— Source information —
= Beginning of Section =

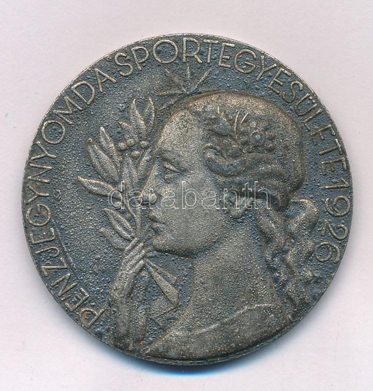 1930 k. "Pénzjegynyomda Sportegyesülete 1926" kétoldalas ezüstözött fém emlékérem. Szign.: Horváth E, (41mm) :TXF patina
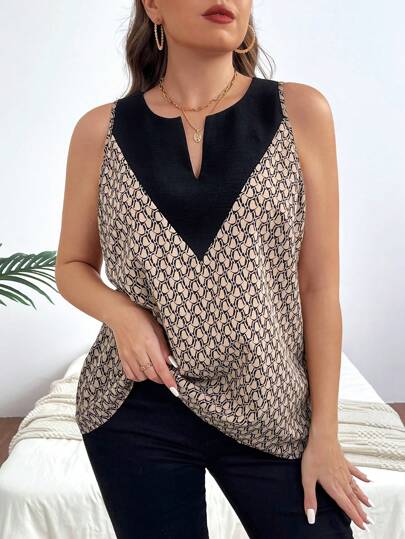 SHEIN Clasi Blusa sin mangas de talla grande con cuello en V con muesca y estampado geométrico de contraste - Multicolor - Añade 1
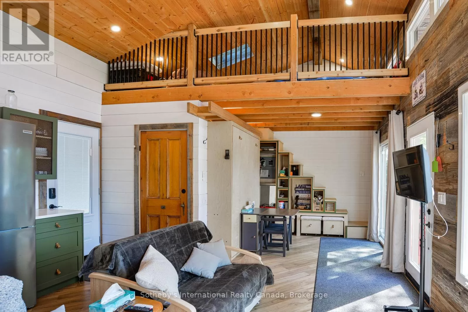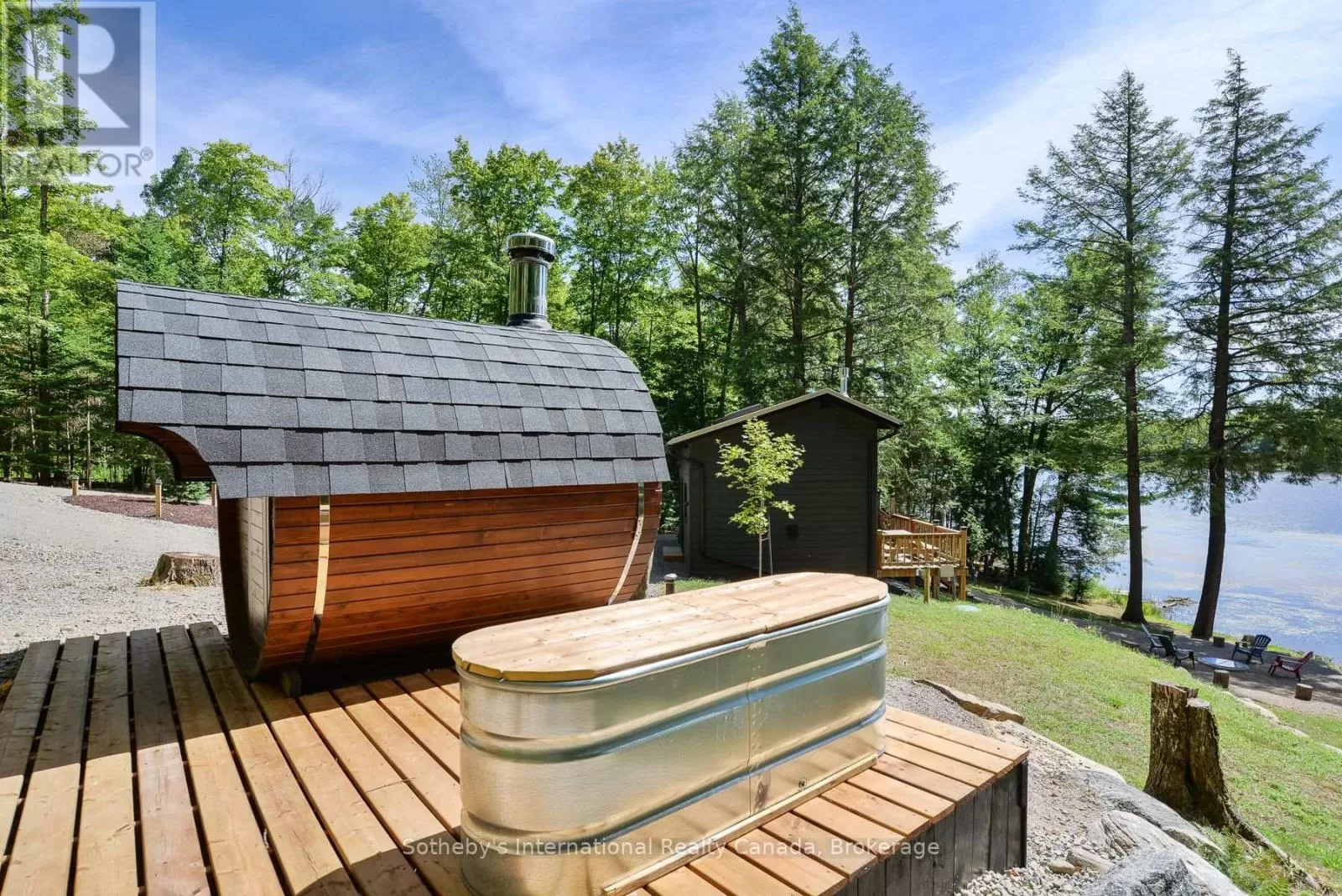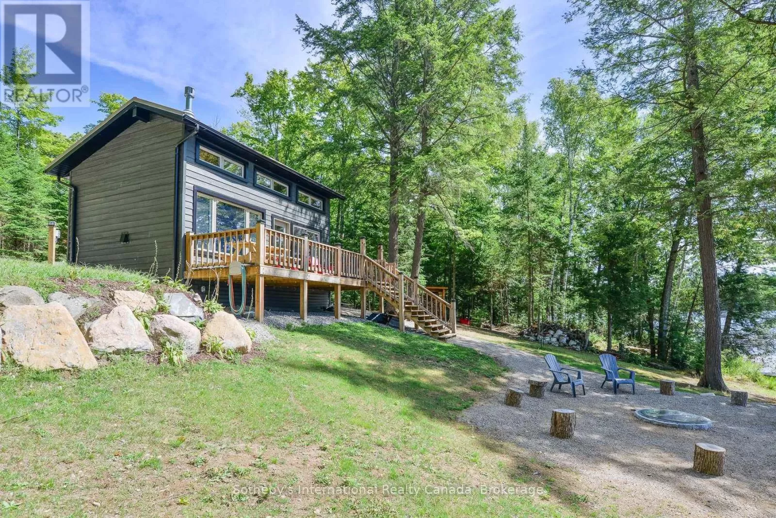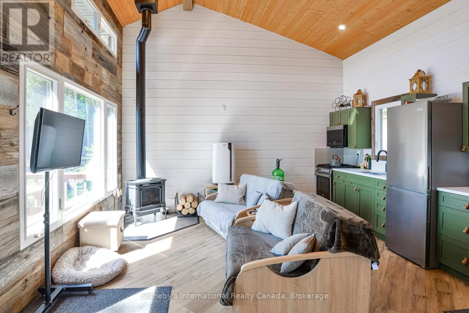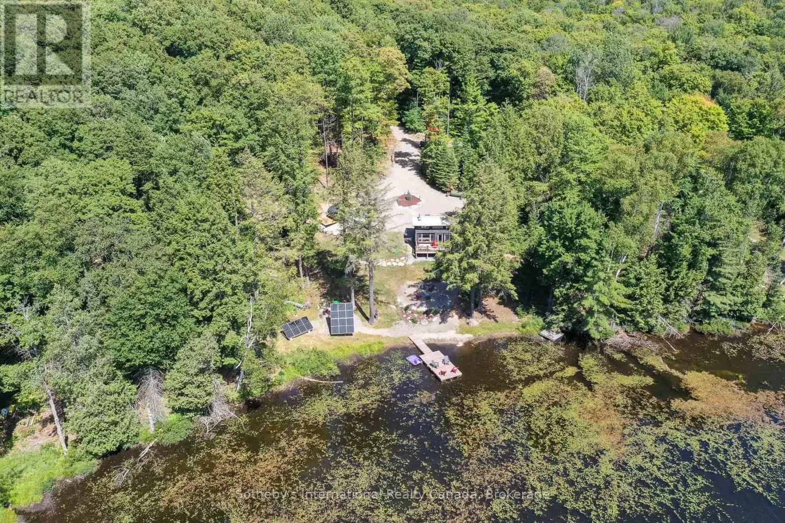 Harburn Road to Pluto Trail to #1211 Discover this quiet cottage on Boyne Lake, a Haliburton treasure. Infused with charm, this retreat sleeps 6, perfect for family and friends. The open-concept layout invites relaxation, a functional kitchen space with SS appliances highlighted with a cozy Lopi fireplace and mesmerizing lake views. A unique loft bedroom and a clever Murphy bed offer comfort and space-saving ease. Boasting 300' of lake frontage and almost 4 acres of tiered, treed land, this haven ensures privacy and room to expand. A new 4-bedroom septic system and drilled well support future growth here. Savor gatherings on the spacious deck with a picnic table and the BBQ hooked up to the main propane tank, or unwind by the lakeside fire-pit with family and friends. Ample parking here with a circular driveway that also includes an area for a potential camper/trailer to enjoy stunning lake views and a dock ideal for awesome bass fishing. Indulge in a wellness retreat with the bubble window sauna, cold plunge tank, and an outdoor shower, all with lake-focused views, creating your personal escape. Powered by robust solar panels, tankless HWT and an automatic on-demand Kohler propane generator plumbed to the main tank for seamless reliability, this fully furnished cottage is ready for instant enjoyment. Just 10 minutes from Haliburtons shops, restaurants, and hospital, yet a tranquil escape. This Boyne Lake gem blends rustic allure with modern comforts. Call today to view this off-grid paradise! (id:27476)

= End of Section =
= Beginning of Section =

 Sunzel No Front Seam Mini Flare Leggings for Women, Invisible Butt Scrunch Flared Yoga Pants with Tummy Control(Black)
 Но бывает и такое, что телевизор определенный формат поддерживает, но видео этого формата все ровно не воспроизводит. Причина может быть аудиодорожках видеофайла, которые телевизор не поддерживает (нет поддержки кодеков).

= End of Section =
= Beginning of Section =

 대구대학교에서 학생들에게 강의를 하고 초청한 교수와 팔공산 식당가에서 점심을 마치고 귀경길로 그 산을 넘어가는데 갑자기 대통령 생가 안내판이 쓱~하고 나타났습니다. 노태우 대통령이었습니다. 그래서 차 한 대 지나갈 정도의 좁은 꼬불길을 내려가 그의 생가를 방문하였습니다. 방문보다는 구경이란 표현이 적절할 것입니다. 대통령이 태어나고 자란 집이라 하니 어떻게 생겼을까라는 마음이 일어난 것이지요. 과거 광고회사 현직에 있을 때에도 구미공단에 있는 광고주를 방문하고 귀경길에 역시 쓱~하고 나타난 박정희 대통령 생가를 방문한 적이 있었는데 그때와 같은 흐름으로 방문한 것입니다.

= End of Section =

— What is being asked —
With the pictures omitted, restate word for word the lines above from the line that has "(41mm) :TXF patina" up to and including the line that has "SHEIN Clasi Blusa", and no other lines.

— Result for this task —
 1930 k. "Pénzjegynyomda Sportegyesülete 1926" kétoldalas ezüstözött fém emlékérem. Szign.: Horváth E, (41mm) :TXF patina
 SHEIN Clasi Blusa sin mangas de talla grande con cuello en V con muesca y estampado geométrico de contraste - Multicolor - Añade 1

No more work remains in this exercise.